WHETHER THE TRIAL COURT ERRED IN SENTENCING PETITIONER TO FOUR TEN YEAR SENTENCES OF HIS SIX COUNT INDICTMENT IN VIOLATION OF DOUBLE JEOPARDY.
¶ 10. Henley argues that his convictions on the four armed robbery counts violates double jeopardy. Henley asserts that only one armed robbery occurred rather that six separate robberies and that there were in actuality six separate victims under one set of operative circumstances and facts. The State responds that Henley failed to raise this issue during his plea and sentencing and is therefore procedurally barred from raising the issue on appeal.
¶ 11. The procedural bar in Henley‘s previous assignment of error is likewise applicable to the instant assignment. Failure to raise facts and issues which could have or should have been addressed at trial or on direct appeal constitutes waiver and is treated as a procedural bar on a post-conviction relief appeal.
¶ 12. Notwithstanding the procedural bar, Henley‘s argument that only one crime of armed robbery was committed against six separate and distinct victims under one set of operative circumstances and facts is without merit. Mississippi has long recognized that separate offenses, though committed under a сommon nucleus of operative fact, does not present a legal impediment to multiple prosecutions under the double jeopardy clause of both thе federal and the state constitutions. Ohio v. Johnson, 467 U.S. 493, 498 (1984); Lee v. State, 469 So. 2d 1225, 1229 (Miss.1985). In the instant case, Henley and his co-defendant not only committed armed robbery against the Pizza Hut restaurant, but also robbed five individuals, рlacing each of them in immediate fear of injury with a deadly weapon and depriving each of them of his or her personal property. Under these circumstanсes, Henley‘s six count indictment charging six separate crimes of armed robbery against multiple victims, despite their common nucleus, is indicative of Henley‘s intent to rob each person and therefore, multiple convictions or counts for multiple victims do not violate Henley‘s protection under double jeopardy. See generally Lee v. State, 469 So. 2d 1225 (Miss.1985); Berry v. State, 195 Miss. 899, 16 So. 2d 629 (1944).

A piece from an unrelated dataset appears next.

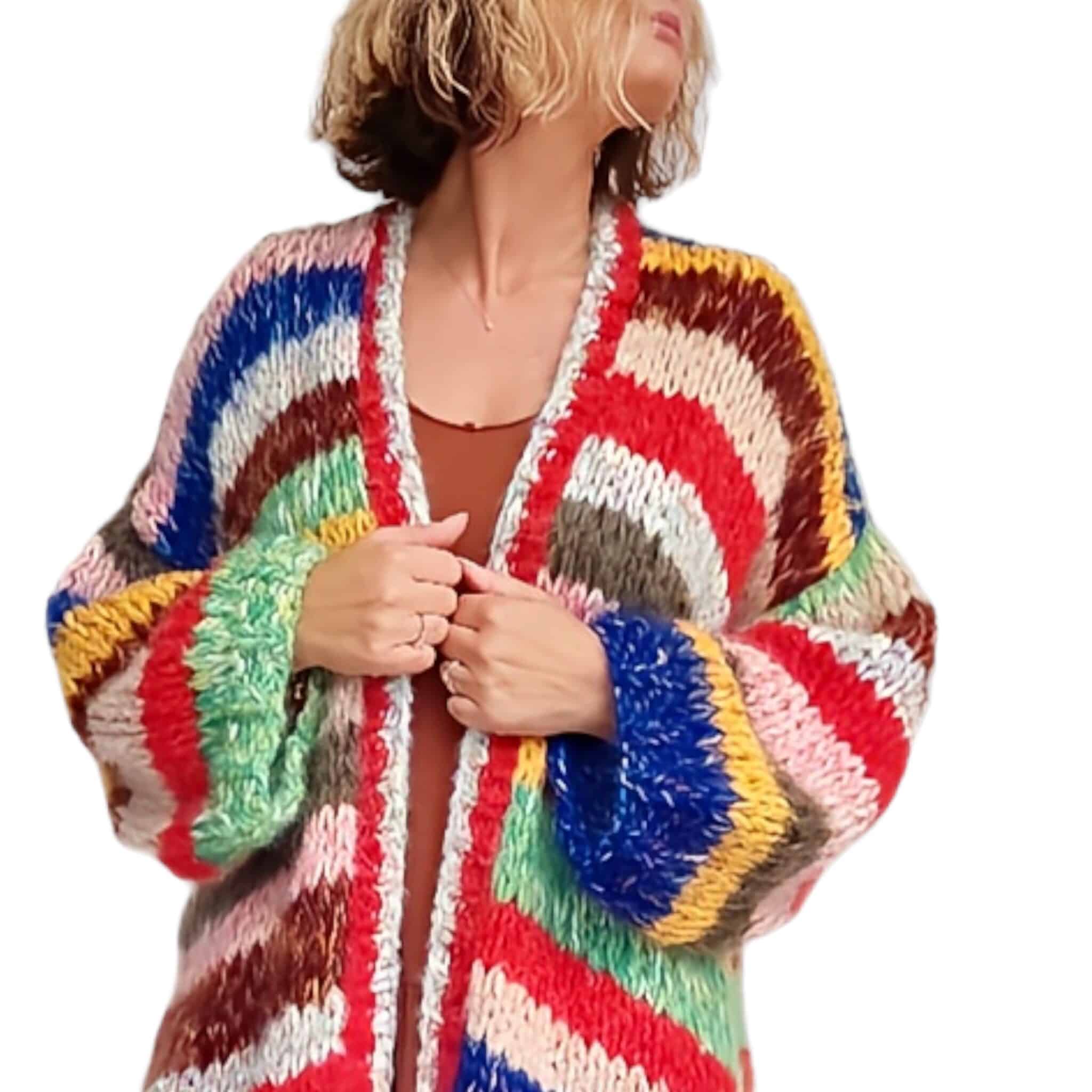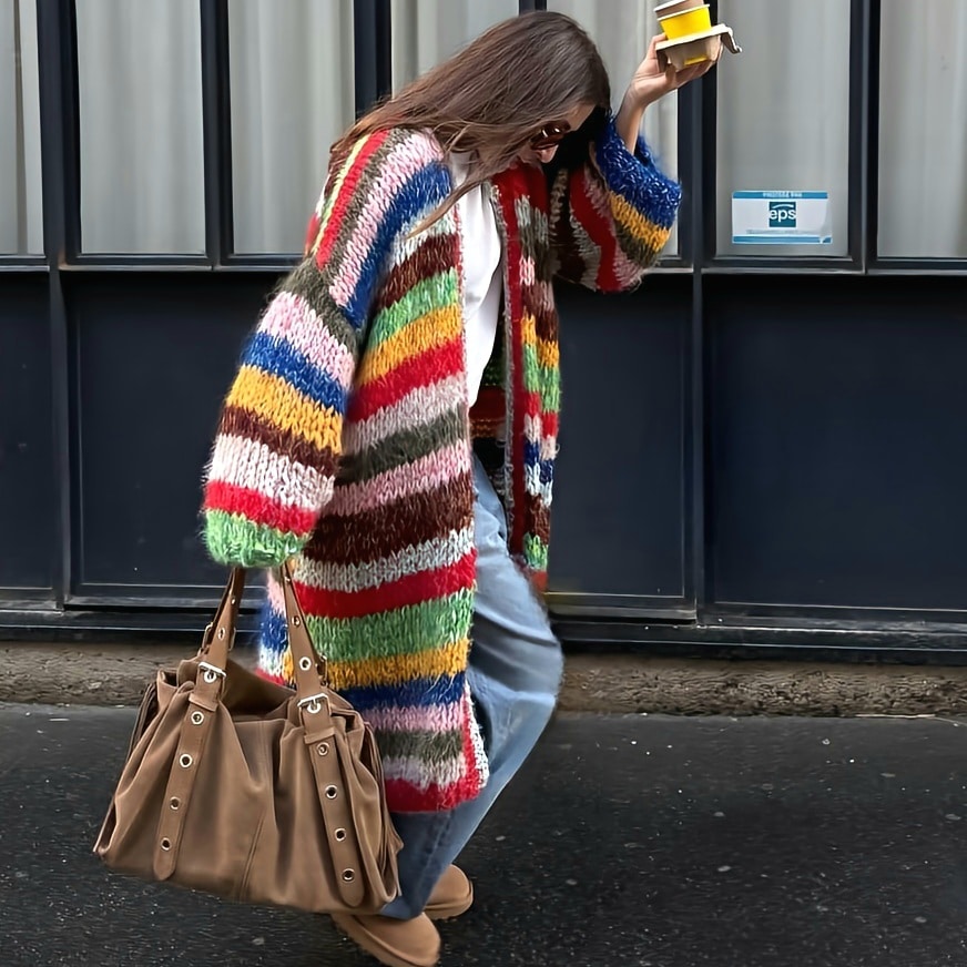 Long striped cardigan 45% Alpaca, 40% Mohair, 15% Polyester

In addition to the procedural bar, this assignment of error is also without merit.
¶ 13. THE JUDGMENT OF THE LOWNDES COUNTY CIRCUIT COURT OF DENIAL OF POST-CONVICTION RELIEF AND IMPOSITION OF SANCTIONS IS AFFIRMED. COSTS OF THIS APPEAL ARE TAXED TO LOWNDES COUNTY.
McMILLIN, C.J., KING AND SOUTHWICK, P.JJ., BRIDGES, DIAZ, IRVING, LEE, MOORE, AND PAYNE, JJ., CONCUR.